Verification and debugging framework for AI agents.
Stop agents from acting on stale assumptions, making unsupported claims, or silently switching hypotheses mid-investigation. A workspace of TypeScript packages (understanding-gate, evidence ledger, claim gate, hypothesis tracker, runtime reality checker, debug playbook engine, readme-first resolver, domain router, grounding-wrapper, grounding-sdk, review-claim-gate, MCP server) that an agent harness wires into its session and tool-call lifecycle.
Most agent tooling helps a model talk about a problem.
agent-groundingmakes it prove what it has actually checked, what it has only assumed, and what it has ruled out, before the next destructive command runs.
Agents reach the stack two ways: a PreToolUse gate that blocks destructive commands until claims are grounded, and access surfaces (MCP, SDK, CLI) over a shared evidence ledger.
flowchart LR
subgraph clients["Agent harness / MCP clients"]
direction TB
cc["Claude Code"]
oc["OpenCode"]
hn["harness"]
end
subgraph gate["Pre-execution gate · PreToolUse"]
direction TB
ug["understanding-gate<br/>report approved before destructive tools"]

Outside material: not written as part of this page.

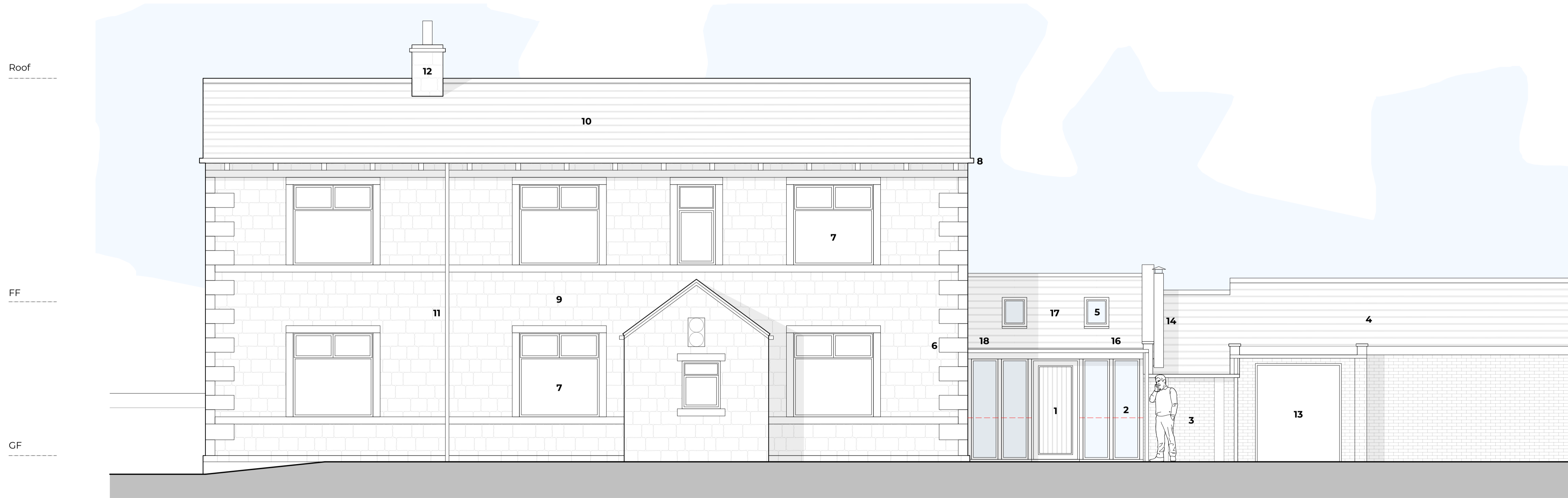
PR Proposed South Elevation 01

rrc["runtime-reality-checker<br/>blocks compose / systemctl / kill on drift"]
end
subgraph core["Verification core"]
direction TB
cg["claim-gate"]
ht["hypothesis-tracker"]
helpers["grounding-wrapper · domain-router<br/>readme-first-resolver<br/>debug-playbook-engine · review-claim-gate"]
el[("evidence-ledger<br/>~/.evidence-ledger/ledger.db")]
end
subgraph surfaces["Access surfaces"]
direction TB
mcp["grounding-mcp · JSON-RPC<br/>ledger_add · ledger_summary · claim_evaluate"]
sdk["grounding-sdk<br/>verify / track / validate"]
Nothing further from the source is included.